Brock's rapid ascendency over the Indians was astonishing; they already revered him as a common father.

That same afternoon our hero, moving up with his entire command to Sandwich, occupied the mansion of Colonel Baby, the great fur-trader, just evacuated by Hull. In the spacious hall hooks were nailed to the rafters, from which were suspended great steel-yards, by which the beaver packs were weighed. Scattered on the hewn floor in much profusion were soldiers' accoutrements, service and pack-saddles, iron-bound chests mixed up with bear-traps and paddles, rolls of birch-bark, leather hunting shirts, and the greasy blankets of voyageur and redskin. The room on the right became Brock's headquarters, and in this room he penned his first demand upon General Hull.

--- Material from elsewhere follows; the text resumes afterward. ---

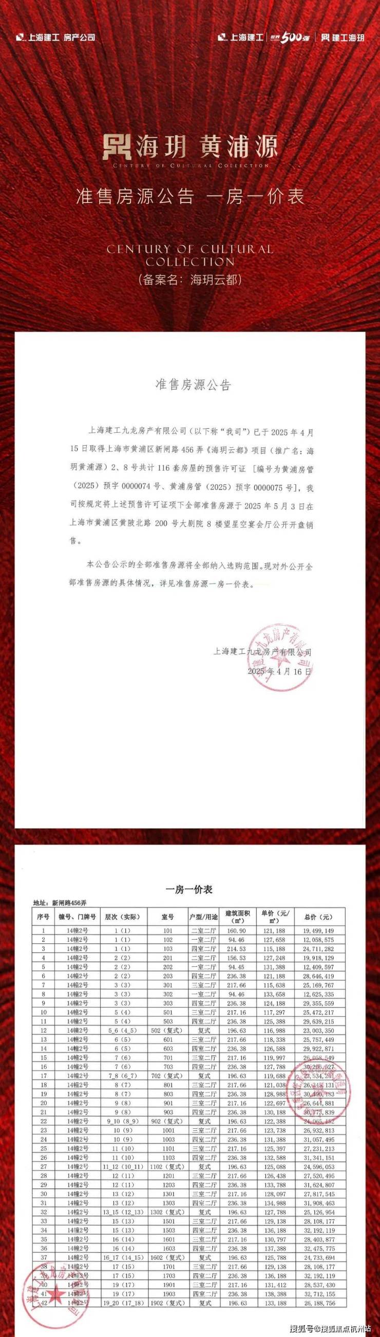 黄浦区「海玥黄浦源」少量建面约196-402㎡多种户型;均价14.56万/㎡
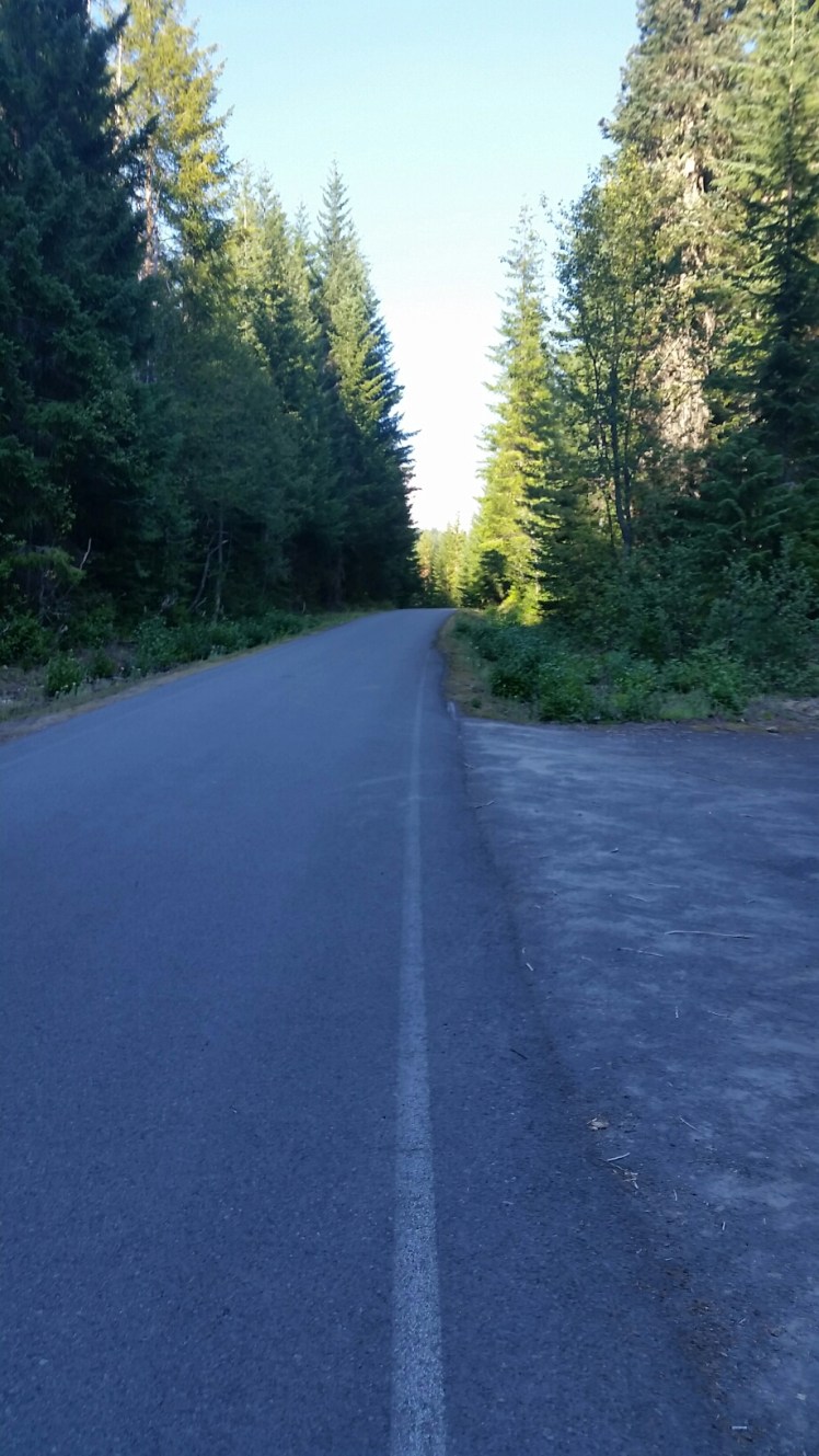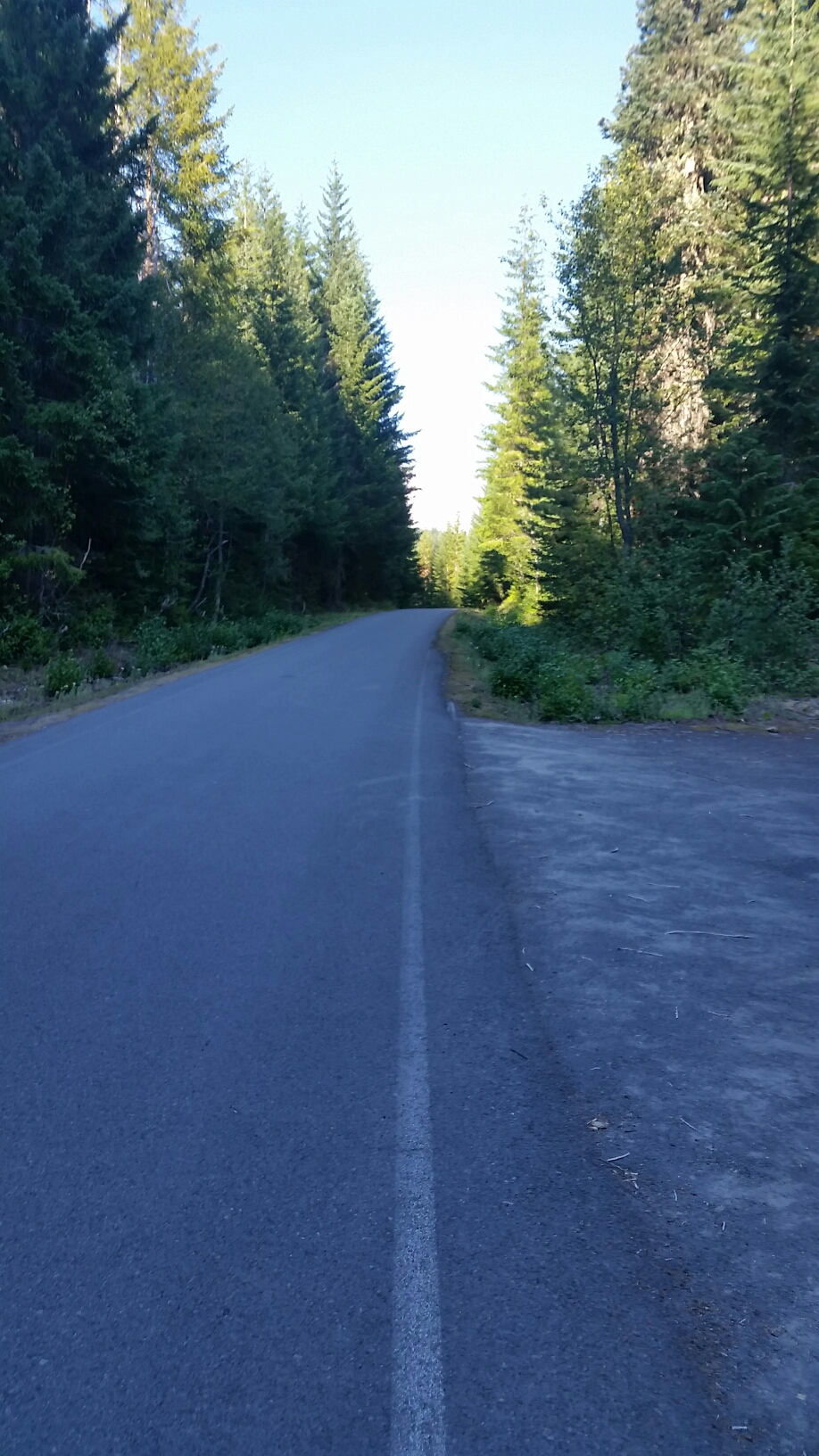 Walked through the great Pacific Northwest Huckleberry Highway today and got stained teeth to show for it.  Stopped so often to eat the fruit off the bushes that I have no idea how I walked nearly 30 miles.  Natural energy I guess.  I got a few good glimpses of Mt. Adams, including one from a lonely forest service road at dusk that made me feel like I was in some rural forgotten place.  Quiet roads in the woods will do that, and this particular one leads nowhere at all.

"My force," so he wrote, "warrants my demanding the immediate surrender of Fort Detroit." Anxious to prevent bloodshed, and knowing Hull's dread of the Indians, he also played upon his fears. "The Indians," he added, "might get beyond my control." This summons was carried by Colonel Macdonell and Major Glegg, under a flag of truce, across the river.

The batteries at Sandwich consisted of one eighteen-pounder, two twelve-pounders, and two 51/2-inch howitzers. Back of these artificial breastworks extended both a wilderness and the garden of Canada. Beyond the meadows, aflame with autumn wild-flowers, beyond the cultivated clearings, rose a forest of walnut, oak, basswood, birch and poplar trees, seared with age, of immense height and girth, festooned with wild honeysuckle and other creepers. In the open were broad orchards bending under their harvest of red and yellow fruit—apples and plums, peaches, nectarines and cherries—and extensive vineyards. Huge sugar maples challenged giant pear trees, whose gnarled trunks had resisted the storms of a century. To the north the floor of the forest was interlaced with trails, which, with the intention of deceiving Hull's spies as to the strength of Brock's forces, had been crossed and recrossed, and countermarched and doubled over, by the soldiers and Tecumseh's half-naked braves.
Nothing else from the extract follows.